Blind bidding – the next logical step in remote mediation



Commercial mediations have been a key factor in UK dispute resolution for more than 20 years. Despite that length of time, the process has not really evolved.  As in many areas of life, COVID-19 has thrust a spotlight on mediation – can it be done differently? People are taking up remote mediation, but that seems to keep all the same ingredients of a standard form mediation, except on Zoom rather than in person. Can we go further?

This article discusses a relatively new concept of "blind-bidding mediation". It is mediation stripped to its barest essentials. It is fast and cheap. It is genuinely innovative. What's more, it works. 

The rules of the game are simple. There is none of the usual paraphernalia associated with mediations – no position statements, no plenary sessions, no one-to-ones, no waiting around, only emails. There are three bidding rounds. If there is a match, the figure is revealed and the process ends in agreement (subject to the terms of a binding settlement document). If there is no match, the parties proceed to round two. If there is still no agreement, then in round three the mediator will either announce a match, or he will say whether the parties are within a specified sum apart (for example £30,000). That is pretty much it.
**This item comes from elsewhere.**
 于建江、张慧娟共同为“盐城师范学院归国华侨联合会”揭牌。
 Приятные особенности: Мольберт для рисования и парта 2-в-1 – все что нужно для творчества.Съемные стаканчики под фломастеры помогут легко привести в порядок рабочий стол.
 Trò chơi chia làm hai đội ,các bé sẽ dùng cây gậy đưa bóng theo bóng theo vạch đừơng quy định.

The parties choose a mediator and a date in the usual fashion. Because the process is so straightforward, we anticipate that there should be much greater availability from popular mediators and also greater freedom to use those mediators who are less known. 
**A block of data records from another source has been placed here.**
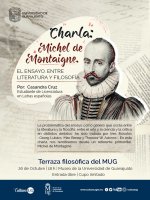 Las Terrazas Filosóficas del Museo de la UG siguen su marcha con la estudiante de la Licenciatura en Letras Españolas Cassandra Cruz quien impartirá la charla: "Michel de Montaigne. El ensayo entre literatura y filosofía", la cual tendrá lugar el 26 de octubre a las 18 horas, entrada libre con cupo limitado.
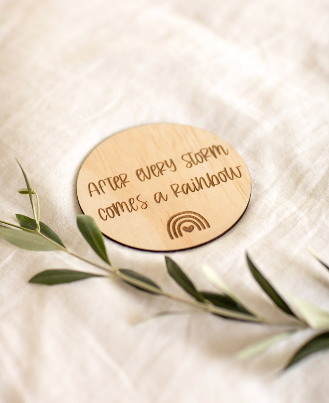For those who have received the blessing of their rainbow. Use this plaque for apart of your annoucement or just a decor piece in their room.
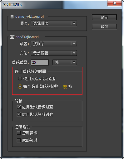 要完成此操作,在“序列自动化”对话框的“静止剪辑持续时间”下,选择“每个静止剪辑的帧数”并输入帧数。

The bids can be inclusive or exclusive of costs, but this must be agreed between the parties beforehand. The process will only really work if there is only one matter in dispute, most obviously money but it could be something else. Of course, it is possible that there could be an overlap, in which case the parties agree in advance what should happen. In our case, we agreed to split the difference.

We first tried out the process a couple of weeks ago. In our case, both the first and second bids were pronounced as no match. It felt unusual bidding in a vacuum, but that encouraged a focus on what the client genuinely wanted to resolve the dispute, without the distraction of what the opponent was offering. On the third bid, the mediator announced that there was no match, but, as if by magic, the parties were sufficiently close that the mediator was able to disclose the bids and we settled shortly after that. The day took an hour or two of our time. The total mediator costs were a few hundred pounds.   
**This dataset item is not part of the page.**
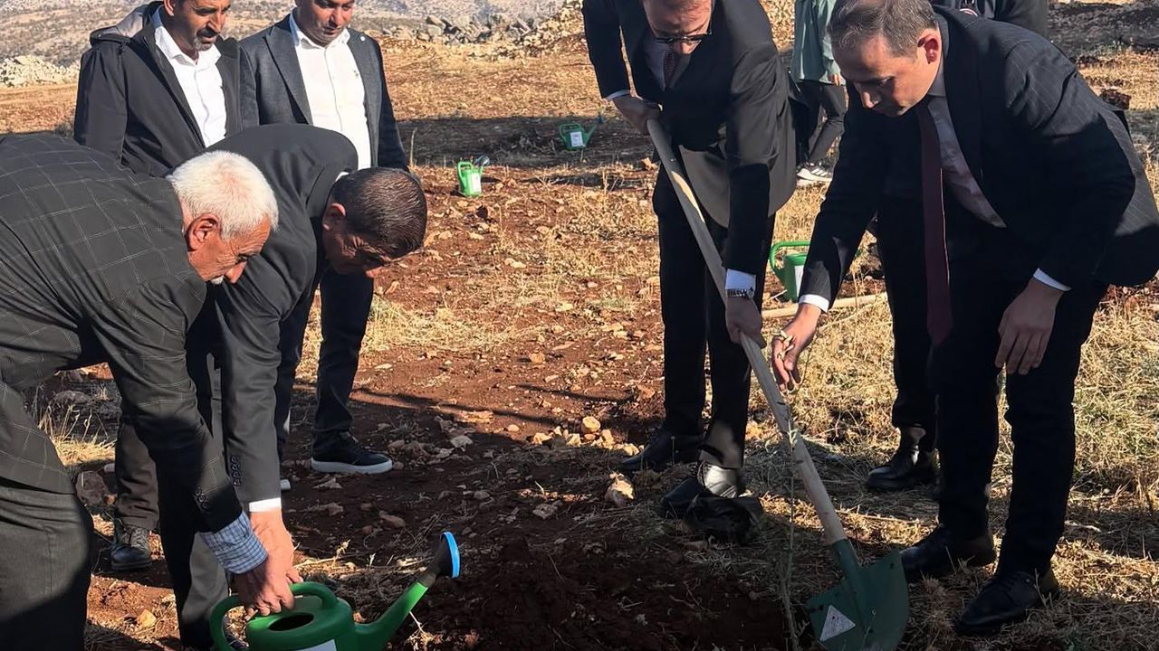 Güçlükonak Kaymakamı Semih Memiş ve beraberindekiler ile birlikte fidan dikerek, diktiği fidanı suladı. (İLKHA)

Reflecting on the day, we came up with the following non-exhaustive list of advantages and disadvantages:


  • Considerably cheaper and less time-consuming than a traditional mediation. 
  • Very simple process and as close to a game as dispute resolution can get. Easily understood by clients.
  • Experience shows that some highly experienced defendants are becoming tired of the old-style mediation process and may refuse to attend. This process could be an acceptable alternative to them.
  • Enables the client to focus on the specific aim of a settlement figure.
  • It has a small but growing track record of success.


  • This is still a relatively new concept and it will take time to see if it is any more or less likely to succeed than a traditional style mediation.
  • The traditional mediation process is there for a reason. This truncated style may lead to a lower success rate (we shall see) because of the steps which have been missed out.
  • It does not easily lend itself to claims which have more than one issue in dispute. The parties will have to decide outside the process what is to happen about costs.
  • It remains to be seen whether the courts will accept the process as sufficiently substantial to avoid the costs consequences of an unreasonable refusal to mediate. That said, there is nothing to stop the parties moving to a mediation if the process does not succeed, since the process creates momentum even if unsuccessful.

Finally, the role of the mediator. It should not be assumed that, despite the ostensibly limited role played by the mediator, the role could be delegated to automated intelligence. We gained tremendous assistance from discussing the case with the mediator in advance. It was also essential that we could trust the integrity of the process by using a trusted human intermediary. Moreover, because of the momentum, even if the process failed, both parties would have been greatly assisted by suggestions from the mediator as to what to do next.

DISCLAIMER: Because of the generality of this update, the information provided herein may not be applicable in all situations and should not be acted upon without specific legal advice based on particular situations.